Behaviour: why timing matters
Two truths can exist at once. Markets move in cycles, and so does investor behaviour.
Quality can feel safe, yet can disappoint if bought at too high a price.
Growth can feel exciting, yet punish investors who arrive late.
Value can feel uncomfortable, yet reward patience.
Capital often flows toward what has already worked and away from what has recently disappointed.
Understanding these patterns helps investors stay disciplined with strategy, rather than reacting to recent performance.
How different parts of a portfolio work

The chart below summarises these long-term average real return2 ranges, based on decades of data. It is designed to set realistic expectations and to show how higher long-term return potential generally comes with wider ranges of outcomes along the way.

Why portfolio balance matters
No asset or style performs consistently across all environments.
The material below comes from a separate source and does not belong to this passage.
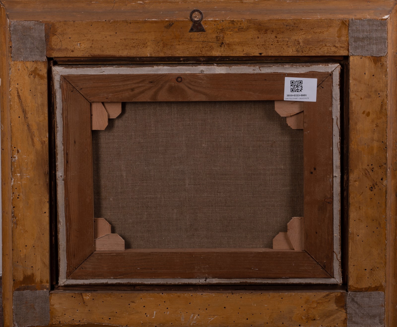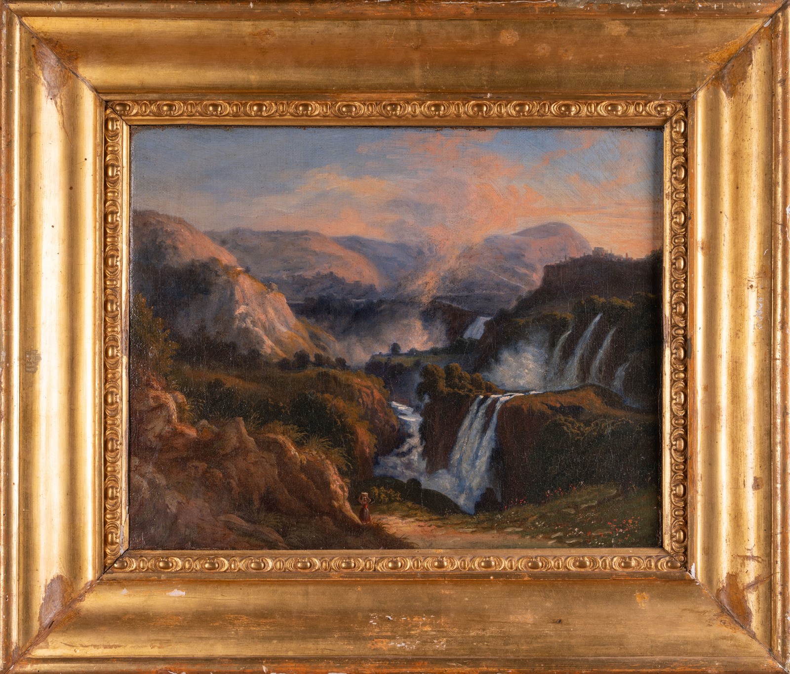 18th CENTURY ARTIST Landscape with falls and wayfarer. Oil on canvas . Cm 47,00 x 37,00. . Cornice presente

Each carries its own risks, and each rewards patience differently.
Balanced portfolios are not designed to chase the best-performing asset each year. They aim to earn a sensible return for the level of risk taken, over time.
By combining different sources of return, balance reduces reliance on any single driver of performance, limits unnecessary trading, and helps contain the tax and transaction costs that often arise from chasing short-term results.
Staying invested
Investing is not about avoiding discomfort. It is about understanding it in advance. When investors know how their portfolio is meant to behave, they are better equipped to stay invested when markets test conviction. Good portfolios often look obvious in hindsight
and uncomfortable in real-time.
[1] A value trap is a company that appears cheap but fails to recover because its business model has weakened or become obsolete.
[2] Real return refers to your investment return after inflation. It shows whether your money is growing in purchasing power.